#### The problem
The answer is to be the lines below that lie between the line holding "된다./아시아뉴스통신 황준수 기자 |" and the line holding "In a study by", inclusive, transcribed exactly and free of pictures.

#### Listed entries
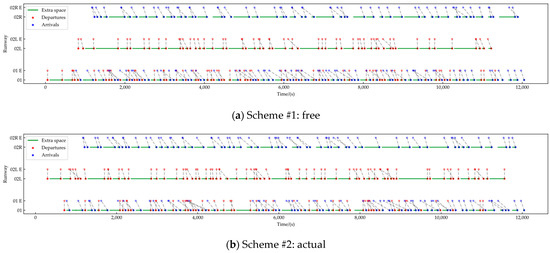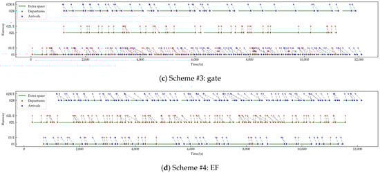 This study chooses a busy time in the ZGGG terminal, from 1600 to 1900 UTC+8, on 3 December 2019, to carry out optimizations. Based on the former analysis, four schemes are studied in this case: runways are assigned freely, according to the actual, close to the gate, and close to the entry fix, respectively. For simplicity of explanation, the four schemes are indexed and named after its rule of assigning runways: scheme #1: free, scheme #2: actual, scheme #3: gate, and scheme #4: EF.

...

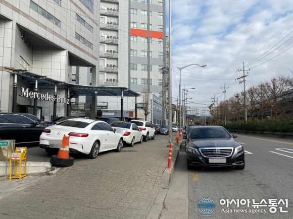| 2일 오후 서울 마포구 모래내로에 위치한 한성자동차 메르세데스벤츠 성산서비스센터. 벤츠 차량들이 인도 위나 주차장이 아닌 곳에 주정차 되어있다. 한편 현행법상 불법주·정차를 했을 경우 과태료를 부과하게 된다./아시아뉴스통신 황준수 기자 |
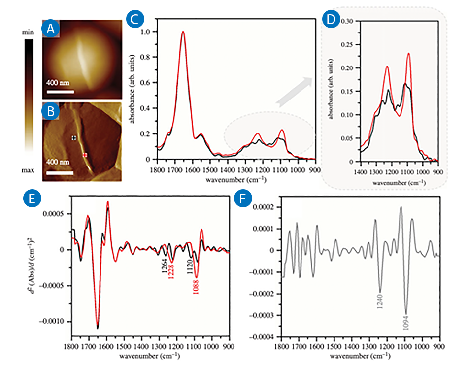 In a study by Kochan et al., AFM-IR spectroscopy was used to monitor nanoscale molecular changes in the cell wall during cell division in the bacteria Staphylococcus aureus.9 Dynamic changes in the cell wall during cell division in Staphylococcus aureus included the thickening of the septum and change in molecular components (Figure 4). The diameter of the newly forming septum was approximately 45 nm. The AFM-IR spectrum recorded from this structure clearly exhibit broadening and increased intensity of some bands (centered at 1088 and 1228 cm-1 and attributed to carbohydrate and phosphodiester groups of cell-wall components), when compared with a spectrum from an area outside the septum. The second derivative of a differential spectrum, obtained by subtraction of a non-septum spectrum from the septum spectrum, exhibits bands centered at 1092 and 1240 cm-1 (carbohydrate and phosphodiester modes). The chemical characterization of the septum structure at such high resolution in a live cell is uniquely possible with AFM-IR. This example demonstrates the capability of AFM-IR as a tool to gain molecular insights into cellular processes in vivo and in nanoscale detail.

---

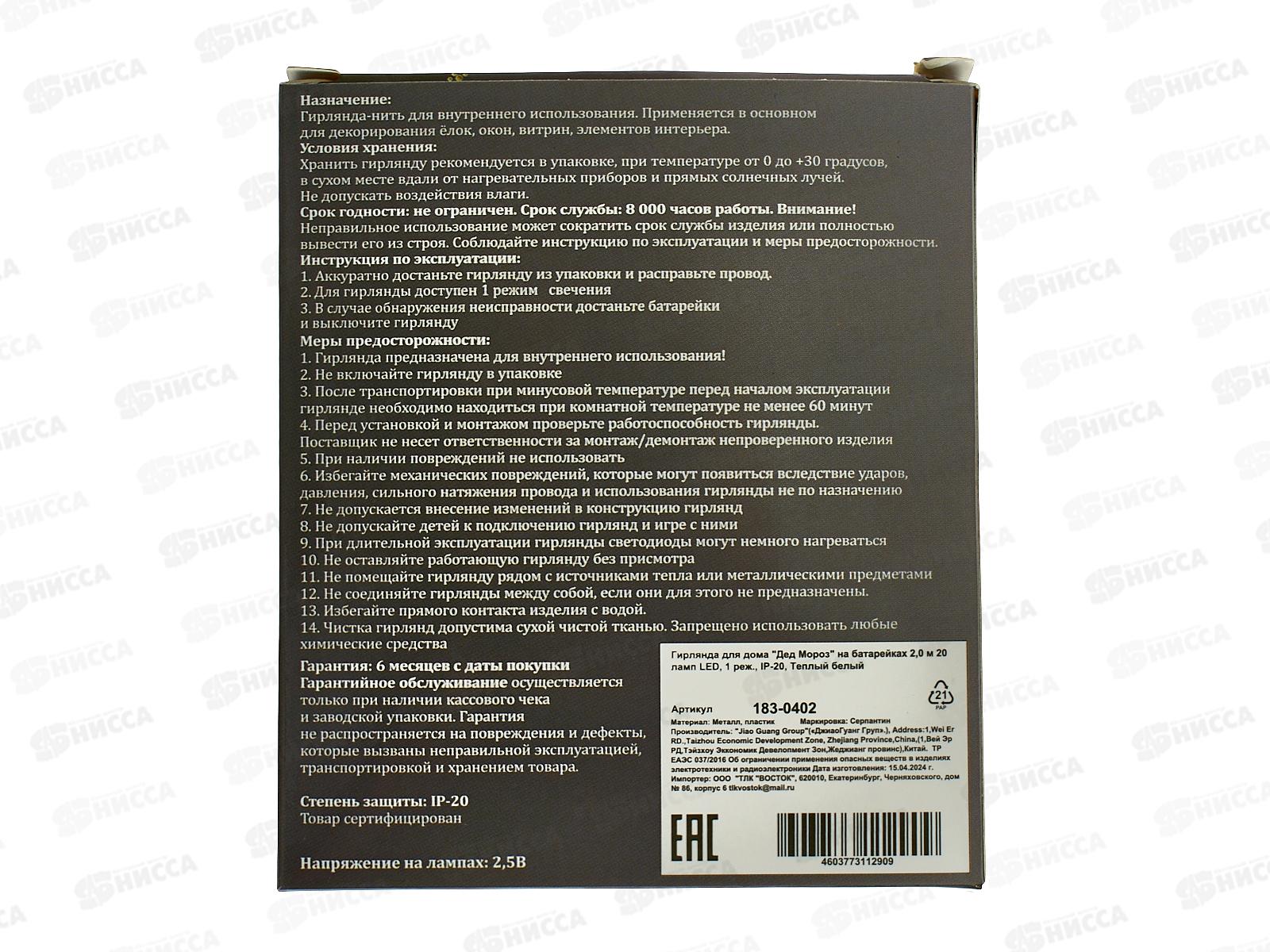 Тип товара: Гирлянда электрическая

#### Solution
| 2일 오후 서울 마포구 모래내로에 위치한 한성자동차 메르세데스벤츠 성산서비스센터. 벤츠 차량들이 인도 위나 주차장이 아닌 곳에 주정차 되어있다. 한편 현행법상 불법주·정차를 했을 경우 과태료를 부과하게 된다./아시아뉴스통신 황준수 기자 |
 In a study by Kochan et al., AFM-IR spectroscopy was used to monitor nanoscale molecular changes in the cell wall during cell division in the bacteria Staphylococcus aureus.9 Dynamic changes in the cell wall during cell division in Staphylococcus aureus included the thickening of the septum and change in molecular components (Figure 4). The diameter of the newly forming septum was approximately 45 nm. The AFM-IR spectrum recorded from this structure clearly exhibit broadening and increased intensity of some bands (centered at 1088 and 1228 cm-1 and attributed to carbohydrate and phosphodiester groups of cell-wall components), when compared with a spectrum from an area outside the septum. The second derivative of a differential spectrum, obtained by subtraction of a non-septum spectrum from the septum spectrum, exhibits bands centered at 1092 and 1240 cm-1 (carbohydrate and phosphodiester modes). The chemical characterization of the septum structure at such high resolution in a live cell is uniquely possible with AFM-IR. This example demonstrates the capability of AFM-IR as a tool to gain molecular insights into cellular processes in vivo and in nanoscale detail.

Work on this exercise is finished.